WHAT IS BEING ASKED> Set down, exactly as written, the lines from the line holding "Capacidade útil: 237L |" to the end of the data, inclusive, skipping any pictures.

Collection entries
····················

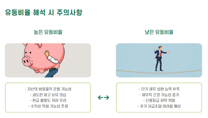 * 유동비율이 너무 높을 경우에도 자산을 비효율적으로 운용하고 있다는 신호일 수 있어 주의가 필요합니다.
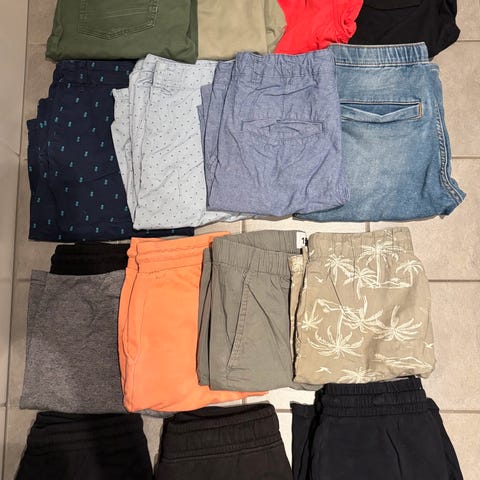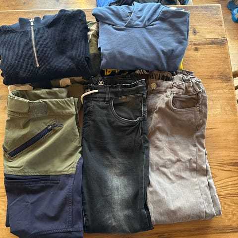 5 Jeans, 2 trenings shortser+ trenings T-skjorte, 1 turbukse, 4 bukser, 2 shortser, 1 genser, 1 joggebukse,.
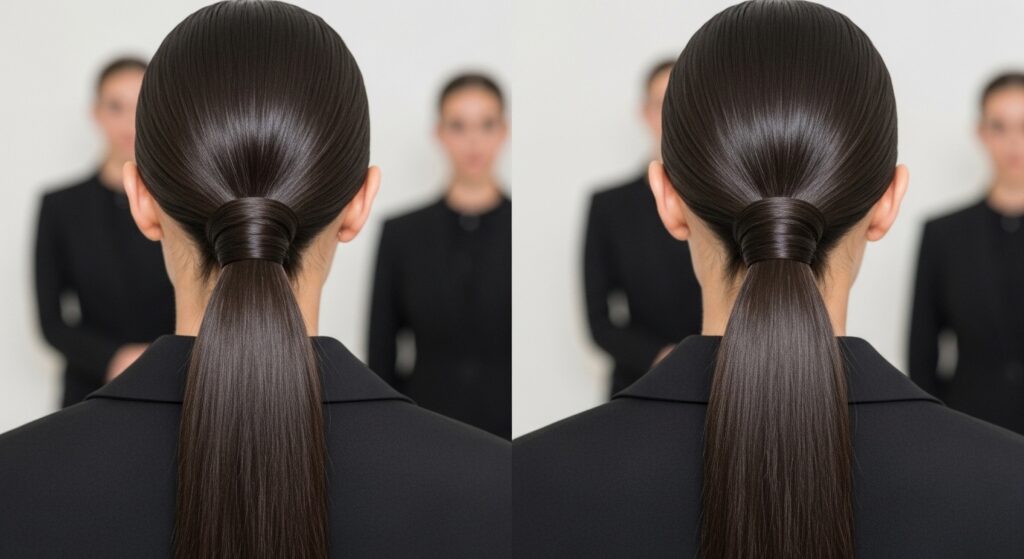 3. Hidden Twist Low Pony: Create a low ponytail, but before securing the final loop of the elastic, pull the tail through only halfway. Split the loop and pull the tail through the opposite direction, creating an elegant twisted knot at the base.
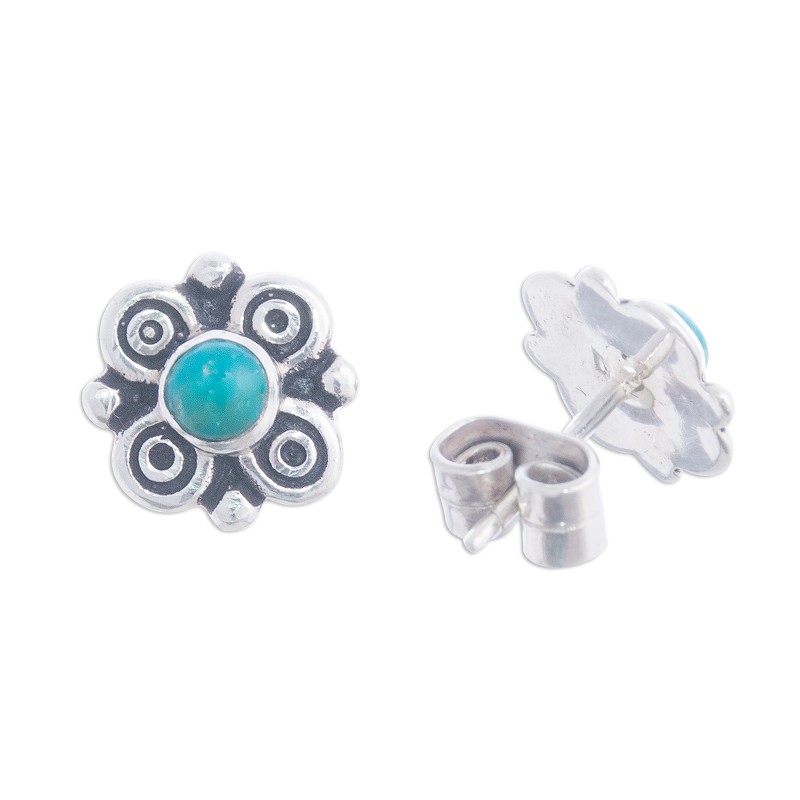 Crafted from silver, circular patterns surround two divine gems of blue-green chrysocolla, which some refer to as "Peruvian turquoise." Sonia Cachi designs this cute pair of stud earrings.
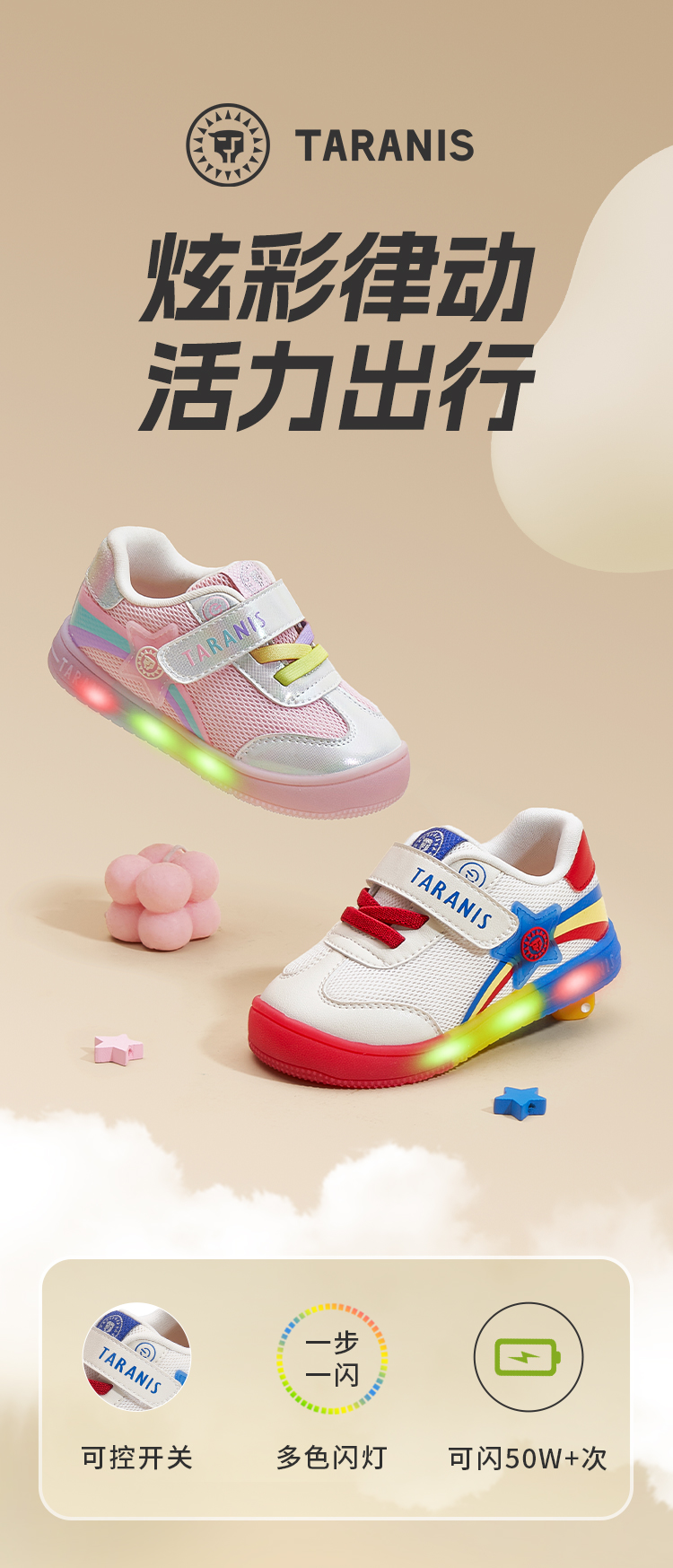 【新品】泰兰尼斯秋季小中童炫酷闪灯鞋板鞋T02T5C8257
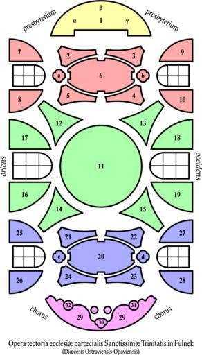 | Keywords: Kostel NejsvÄ›tÄ›jšà Trojice (Fulnek) – frs-000-k.svg Schema rozloženà nástropnÃch fresek v lodi kostela NejsvÄ›tÄ›jšà Trojice ve Fulneku ÄŒesko Evropa Scheme of ceiling fresco composition in the bay of the Most Holy Trinity Church in Fulnek Czechia Europe Skemo de plafonfreska kompono en la navo de la kirko de la Plej Sankta Triunuo en Fulnek ĈeÄ¥ujo EÅropo VolnÄ› pÅ™ekresleno ze starého obrázku neznámého autora Freely redrawn secundum an old image by unknown author Libere desegnita laÅ malnova bildo de nekonata aÅtoro created with Inkscape 2009-12-27 User Petrus Adamus/author barevné rozdÄ›lenà - colour parting - kolora dispartigo Kostel_NejsvÄ›tÄ›jÅ¡Ã_Trojice_ Fulnek _ “_frs-000 svg Skica rozloženà nástropnÃch fresek PÅ™ekresleno ze starého schematu neznámého autora 2007-12-31 PAD </nowiki> Uploaded with derivativeFX Frescos of the Most Holy Trinity Church Fulnek Plans of churches in the Czech Republic |
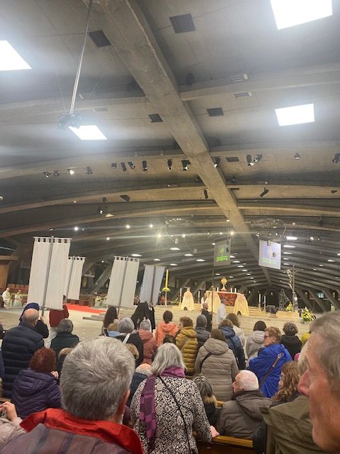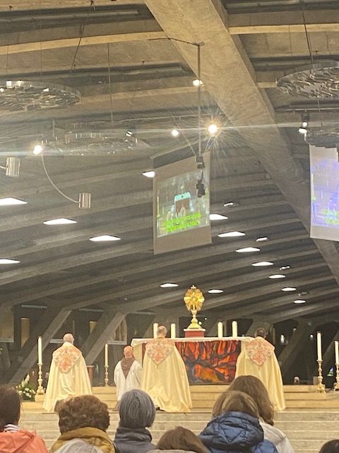 Dernier jour de pèlerinage : messe internationale à la basilique Saint Pie X et célébration d’envoi à la chapelle St Joseph où chacun s’est retrouvé en petits groupes pour partager ce qui l’a profondément touché pendant ces 3 journées. Temps d’adoration, procession mariale , messe veillée …Tout y était précieux !
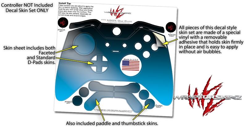 Smooth Fades Neon Blue Black - Decal Style Skin fits Microsoft XBOX One ELITE Wireless Controller (CONTROLLER NOT INCLUDED)
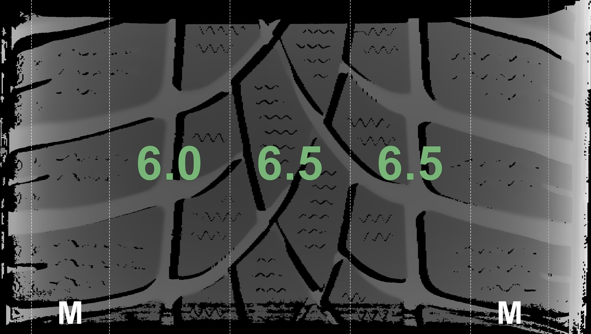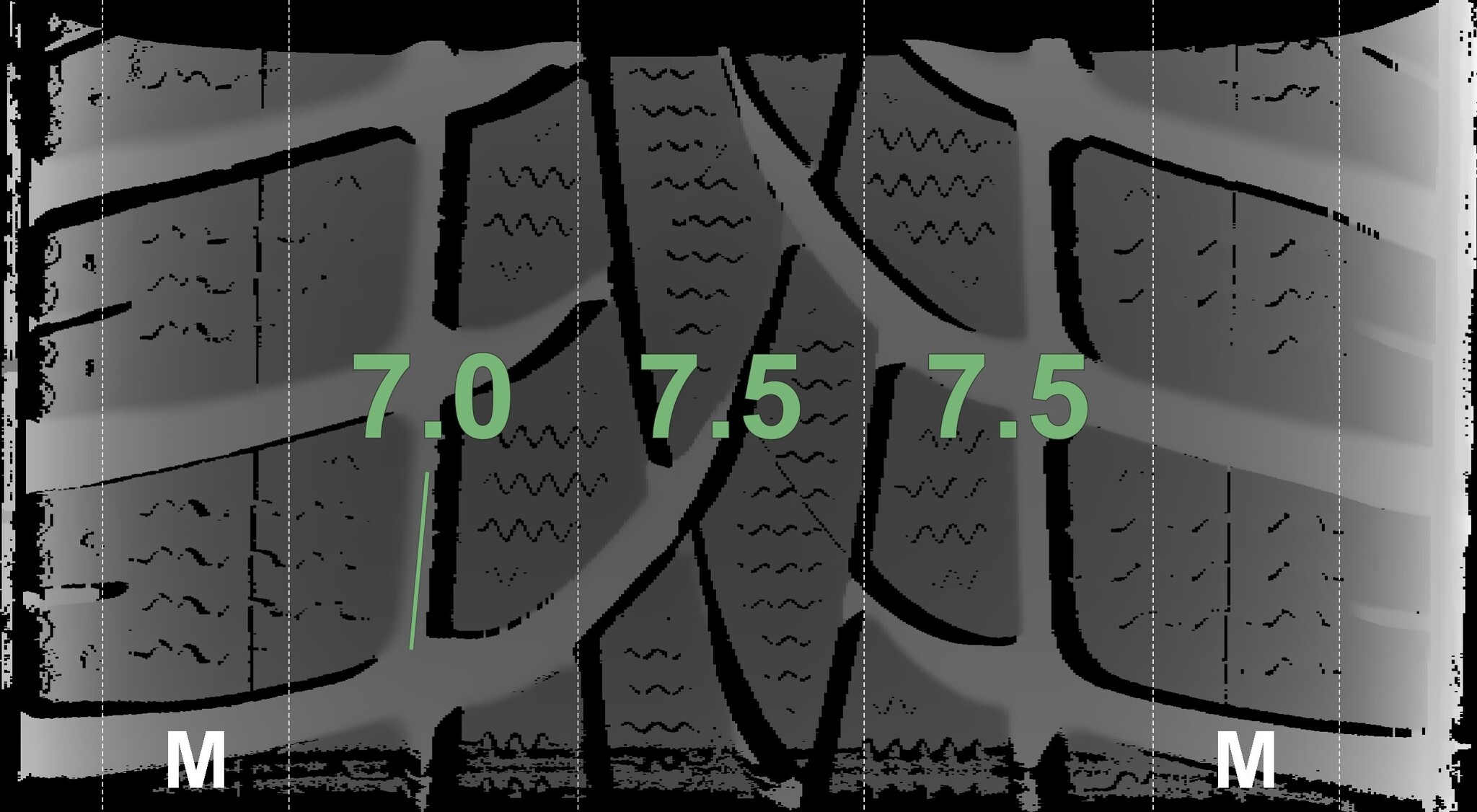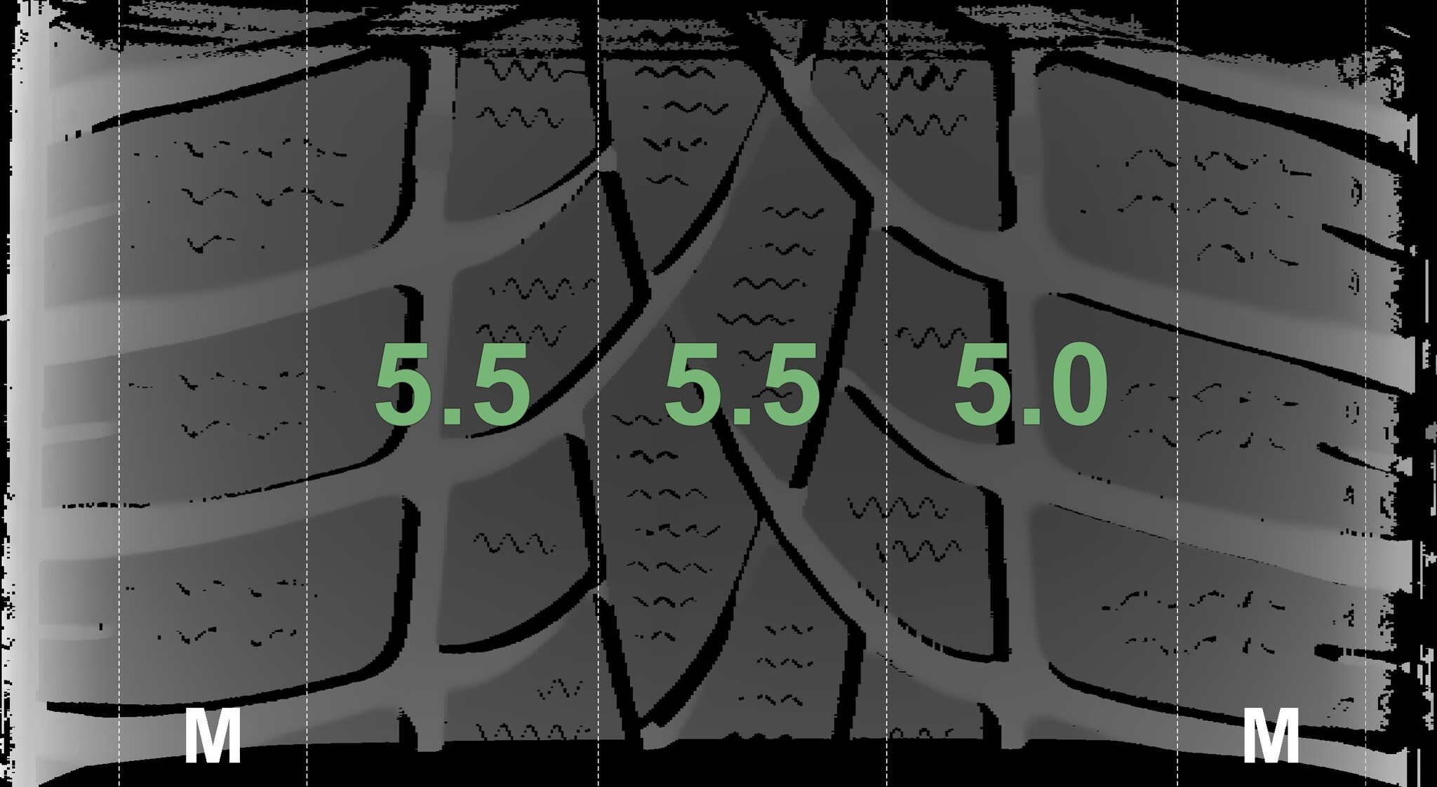 The measured tread depths and the details of the rims are shown above.
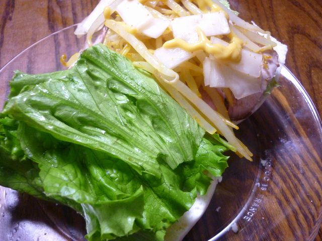 そのまん頭を電子レンジで温めて二つに切った物に、野菜と、自家製チャーシューを挟んで頂きます。もうこれ最高ですね。 チャーシューだけでなく、マトンとタマネギの胡椒炒めなどを挟んでも旨いですよ。
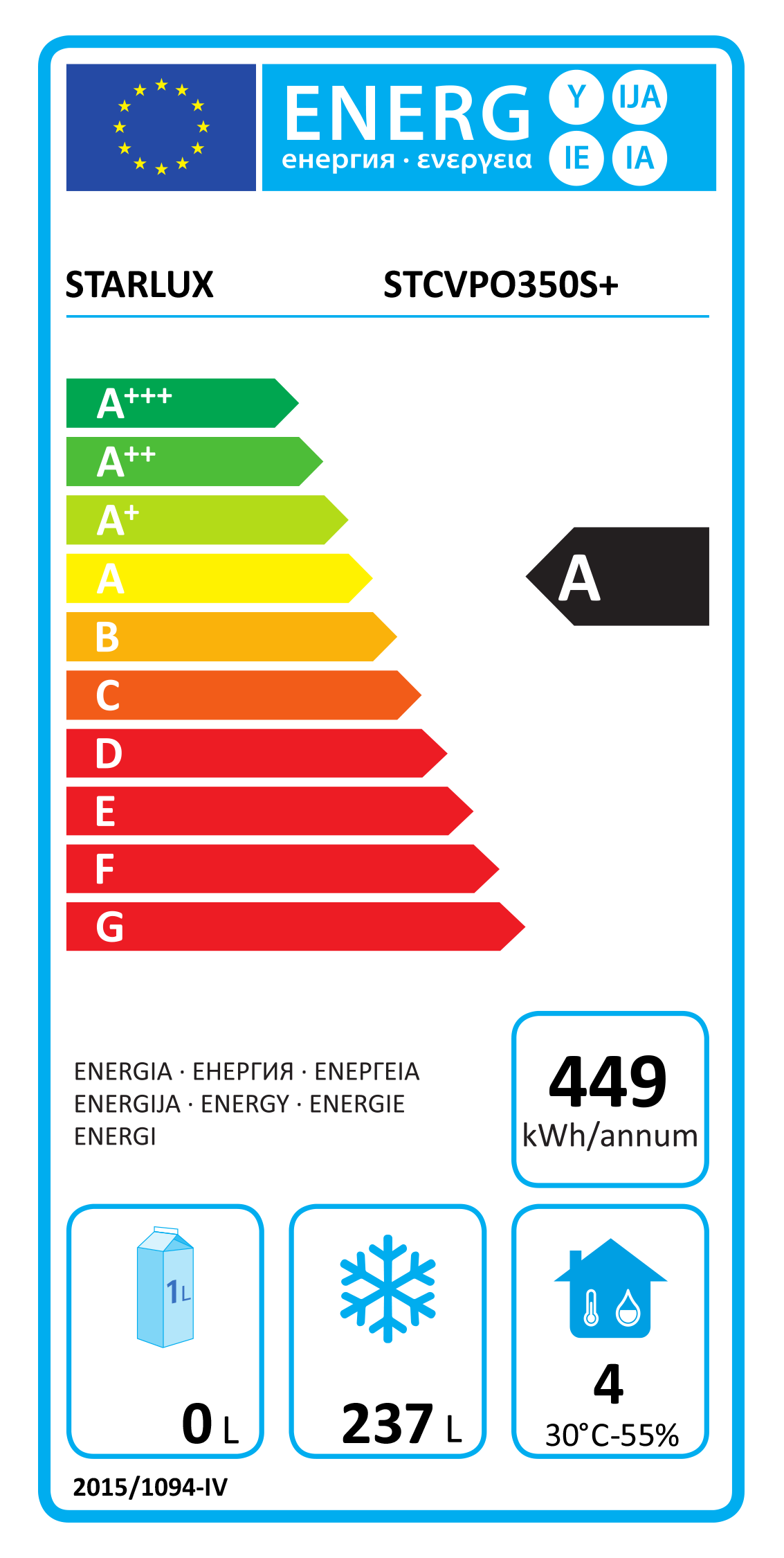 Capacidade útil: 237L |
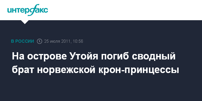 Осло. 25 июля. INTERFAX.RU - Одной из жертв бойни на норвежском острове Утойя стал сводный брат норвежской крон-принцессы Метте-Марит, сообщил в понедельник Королевский суд Норвегии.
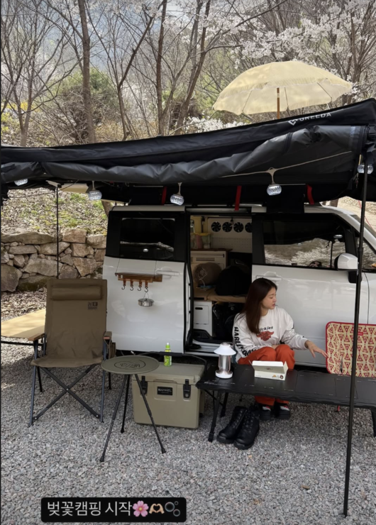 이시영은 16일 자신의 소셜미디어에 "벚꽃캠핑 시작”이라는 글과 함께 사진과 영을 게재했다.

····················

RESPONSE TO THE EXERCISE>
 Capacidade útil: 237L |
 Осло. 25 июля. INTERFAX.RU - Одной из жертв бойни на норвежском острове Утойя стал сводный брат норвежской крон-принцессы Метте-Марит, сообщил в понедельник Королевский суд Норвегии.
 이시영은 16일 자신의 소셜미디어에 "벚꽃캠핑 시작”이라는 글과 함께 사진과 영을 게재했다.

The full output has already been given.